*** Extracted material Section Begins ***

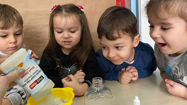 Çilimli Anaokulu'nda bilim ve teknoloji haftası etkinliği gerçekleştirildi. Okul yönetimi, 3 yaşındaki öğrencilere sabunun nasıl yapılacağı ile ilgili bilgiler verdi. Yapımı hakkında bilgilenen öğrenciler ise kendi sabunlarını yaptı. Deney kitinin içerisinde bulunan malzemeleri sırasıyla kaba koyan öğrenciler, kendi sabunlarını elde etti. Karışımdan elde edilen sabunla öğrenciler ellerini yıkadı.
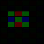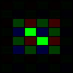 Since the red and blue channels behave exactly as previously, here is a diagram showing the green pixels only:
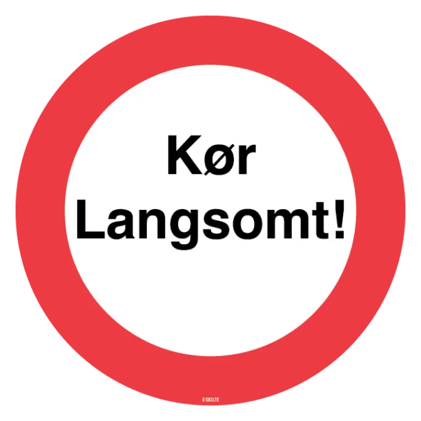 Med en øjeblikkeligt genkendelig udformning sikrer vores “Kør langsomt skilt” at budskabet når frem, selv på afstand. Det simple men effektive design fanger bilistens øje og sikrer, at hastighedsnedbringende foranstaltninger overholdes.
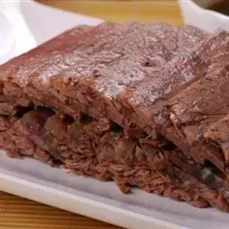 把瘦肉切成一块块的块状,如果内中含有肥肉,要切除干净,不能含有一点点,其三是加上酱油以及特别的香料配方,放到锅中红烧,红烧时火候要掌握好,直到把所有的配料全部吸进了肉内为止;
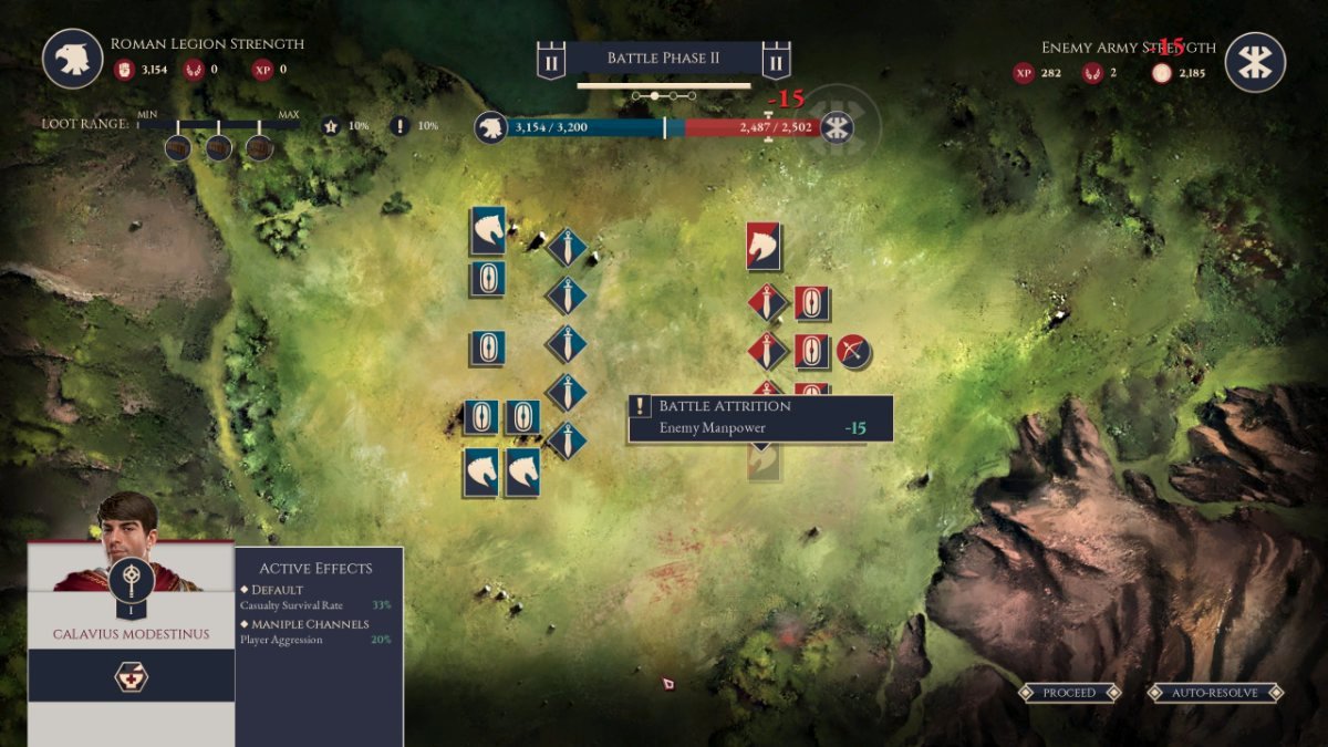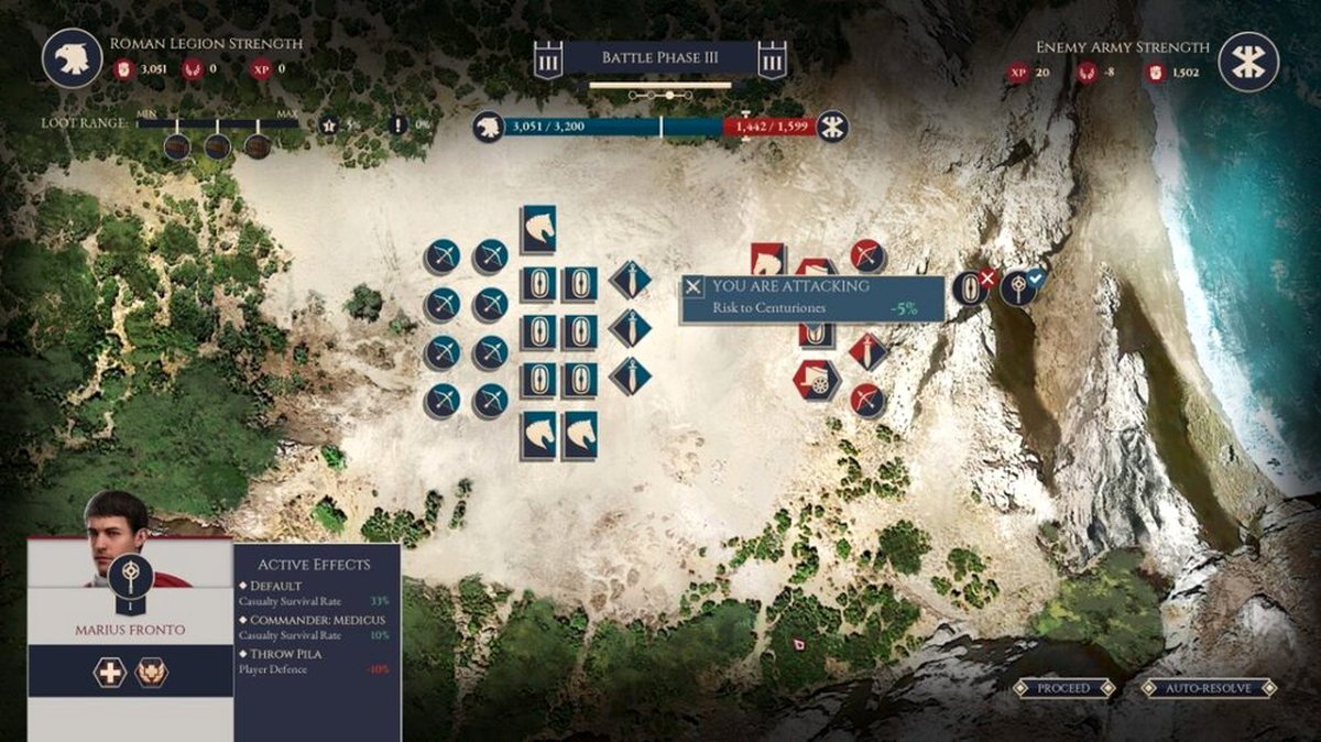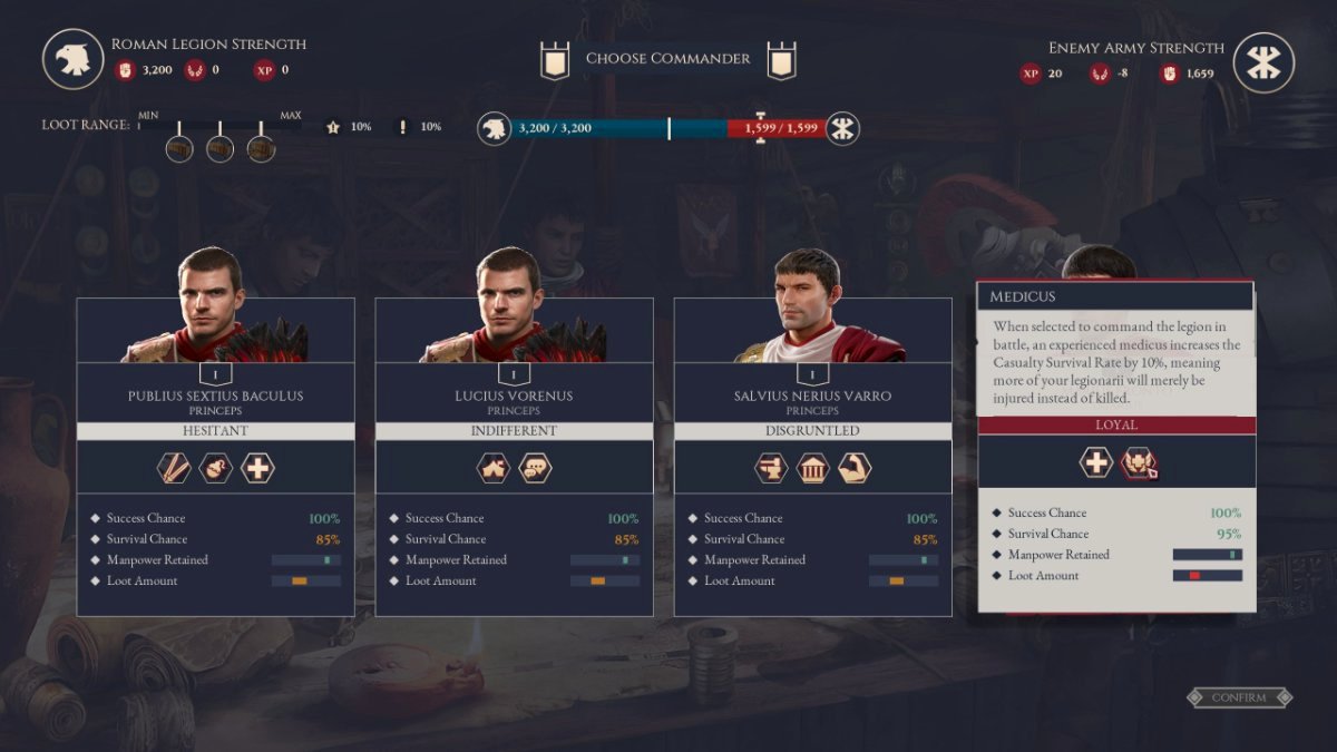 Как же регион захватить? Собственно, для этого игрок армию и держит. При отправке легиона на бой нужно выбрать, кто из преторианцев его возглавит. Многое будет зависеть от класса и качеств этого преторианца: успех или провал, кол-во потерь, что удастся награбить. Кроме этого, надо будет выбрать подходящую стратегию, или, вернее, строй. Если что, такие планы тоже в лагере разрабатываются и открываются.

*** Extracted material Section Ends ***

## Task description
From the first line to the last, set down the data exactly, without the pictures.

## Answer to the problem
 Çilimli Anaokulu'nda bilim ve teknoloji haftası etkinliği gerçekleştirildi. Okul yönetimi, 3 yaşındaki öğrencilere sabunun nasıl yapılacağı ile ilgili bilgiler verdi. Yapımı hakkında bilgilenen öğrenciler ise kendi sabunlarını yaptı. Deney kitinin içerisinde bulunan malzemeleri sırasıyla kaba koyan öğrenciler, kendi sabunlarını elde etti. Karışımdan elde edilen sabunla öğrenciler ellerini yıkadı.
 Since the red and blue channels behave exactly as previously, here is a diagram showing the green pixels only:
 Med en øjeblikkeligt genkendelig udformning sikrer vores “Kør langsomt skilt” at budskabet når frem, selv på afstand. Det simple men effektive design fanger bilistens øje og sikrer, at hastighedsnedbringende foranstaltninger overholdes.
 把瘦肉切成一块块的块状,如果内中含有肥肉,要切除干净,不能含有一点点,其三是加上酱油以及特别的香料配方,放到锅中红烧,红烧时火候要掌握好,直到把所有的配料全部吸进了肉内为止;
 Как же регион захватить? Собственно, для этого игрок армию и держит. При отправке легиона на бой нужно выбрать, кто из преторианцев его возглавит. Многое будет зависеть от класса и качеств этого преторианца: успех или провал, кол-во потерь, что удастся награбить. Кроме этого, надо будет выбрать подходящую стратегию, или, вернее, строй. Если что, такие планы тоже в лагере разрабатываются и открываются.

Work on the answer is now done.